[Spambayes] Training a procmail filter for a Cyrus IMAP server

Wed Feb 4 19:59:17 EST 2004

> I've actually taken the first step -- I've configured the
> imapfilter and started training it.  It ran for 5.5 hours
> last night before it hit a problem with bogus date headers.

The next release should handle these sorts of things much more gracefully.
If there are then still any issues like this they should get reported and
fixed reasonably quickly.

> One thing for people to note.  This is probably obvious to
> the afficiandos, but it wasn't obvious to me:  the trainer
> adds a line to the mail message headers (even though training
> seems like a read-only operation).  The effect of this is that
> my mail clients discovered that their caches of the message
> headers were now stale.  This wasn't a big deal here at work
> with the multi-megabit network connection, but, at home, with
> my soda-straw dial-up, this was a bit painful. 

The reason for the header is to keep track of which messages have been
processed.  Otherwise, when you restarted the training, it would have
started training all the ones you had already done.

There are better ways to do this (and even ones that would make the code
simpler), but this was the decision (mine, I admit) at the time of writing.
Unfortunately, no-one's really interested in progressing the imapfilter code
(various people are willing to bugfix it, but that's about it), so it's
likely to stay that way for a while at least.

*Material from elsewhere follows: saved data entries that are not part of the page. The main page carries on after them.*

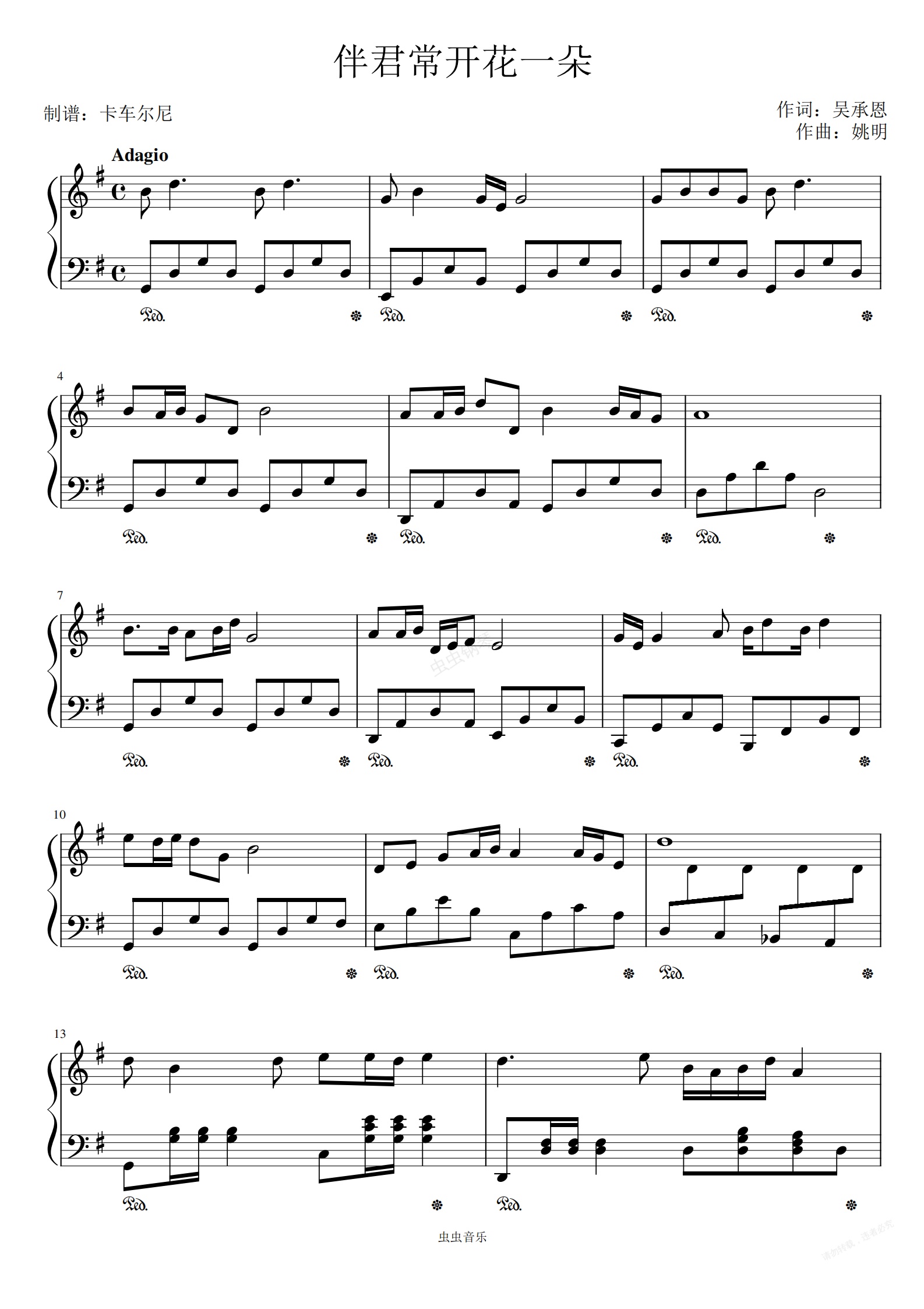 钢琴谱:《西游记》插曲,伴君常开花一朵 孔雀公主专属BGM
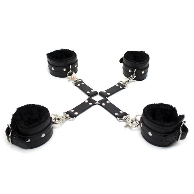 Два поножа и два наручника с плюшем крепятся между собой при помощи карабинов на кольце. Такой набор позволит сковать и обездвижить Вашего раба в любой позе из Вашей самой горячей фантазии. Застегиваются поножи и наручники на ремешки, подойдут для мужских сильных рук и для женских хрупких запястий.
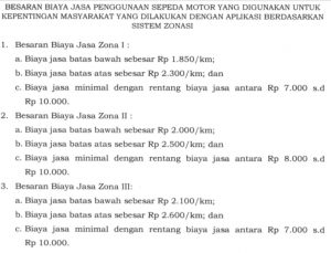Selanjutnya menurut Kepmenhub ini, perusahaan aplikasi menerapkan besaran biaya jasa batas bawah, biaya jasa batas atas, dan biaya jasa minimal berdasarkan sistem zonasi sebagaimana ditentukan di atas.

If anyone is interested in patching it up, IIRC, the suggested solution is
to base the id on the message's MessageID instead of creating a new one
(imap ids aren't reliable enough).  If the message doesn't have a MessageID,
then it can have one added to it (so at least some messages won't be
changed, even if some are).  This involves a fair bit of coding, though, as
well as lots of testing.  I'm happy to do some testing, but I don't have
time for the coding at the moment, sorry.

> One other question, while I'm here.  What's the deal with using
> a database vs. a pickle?  I understand that the former is
> supposed to be faster for a single message lookup, and the later
> is better for bulk training.  But, I presume that what I want
> (once I'm done training) is a database.  How do I convert the
> pickle into a database?

There's a script called sb_dbexpimp.py in the scripts directory.  This will
convert a database, whatever form it's in, into any other form, include a
flat-text format.

=Tony Meyer

---
Please always include the list (spambayes at python.org) in your replies
(reply-all), and please don't send me personal mail about SpamBayes. This
way, you get everyone's help, and avoid a lack of replies when I'm busy.